The Rural Channel
- Country: Canada
- Broadcast area: National
- Headquarters: Emerald Park, Saskatchewan

Ownership
- Owner: Ag-Com Productions

History
- Launched: May 29, 2013, 11 years ago

Links
- Website: The Rural Channel

= The Rural Channel =

The Rural Channel (often abbreviated as TRC) is a Canadian English language specialty television channel and subscription streaming service broadcasting rural lifestyle programming with a particular emphasis on agriculture and equine programming.

The channel is owned by Ag-Com Productions and launched on May 29, 2013.

==History==
On August 13, 2008, Ag-Com Productions Ltd. was granted approval from the Canadian Radio-television and Telecommunications Commission (CRTC) to launch The Rural Channel, described at the time of license as a "national, English-language Category 2 specialty programming service devoted to serving the interests and needs of individuals and families living outside of major cities in smaller and rural communities across Canada, with a focus on the agriculture industry."

Originally intending to launch the channel in 2011, Ag-Com Productions delayed the launch until 2013 for Shaw Direct to launch its new satellite. The channel officially launched on May 29, 2013 exclusively on Shaw Direct in standard definition. A few weeks later in June, the channel launched a high definition channel simulcasting the standard-definition feed on EastLink. The channel has since launched on several other television service providers, including Telus and Access Communications.

In late 2020, Ag-Com launched TRC Go, an online subscription service streaming The Rural Channel live.

===Programming===
Programming on The Rural Channel has remained consistent from its initial launch to current day, focusing on a mix of agriculture news and information, general rural lifestyle, and equine programming. A sample list of programs that aired during its first few months of operation included The Prairie Farm Report, Market Journal, Downunder Horsemanship TV, Monty Roberts Backstage Pass, The Parelli Program, John Lyons, Motorz, James Cluer’s Wine Route, and programming from FEI.

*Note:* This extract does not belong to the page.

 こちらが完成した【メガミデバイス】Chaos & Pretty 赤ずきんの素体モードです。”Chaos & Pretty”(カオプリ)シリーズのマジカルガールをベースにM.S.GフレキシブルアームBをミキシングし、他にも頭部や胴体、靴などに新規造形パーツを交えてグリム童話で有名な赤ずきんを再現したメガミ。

A sample of current day programming on the channel, as of June 2022, includes Sunup TV, World Of Horse Breeds TV, Great Western Guest Ranches, Jonathan Field, Agweek TV, The Jet Set, Mad Dog & Merrill Midwest Grill’n, Cook Like A. Champion, Cris Cox Horsemanship, Today’s Homeowner Television, and programming from Global Champions Tour. The Prairie Farm Report, an Ag-Com Productions' series remains on the air since the channel's launch.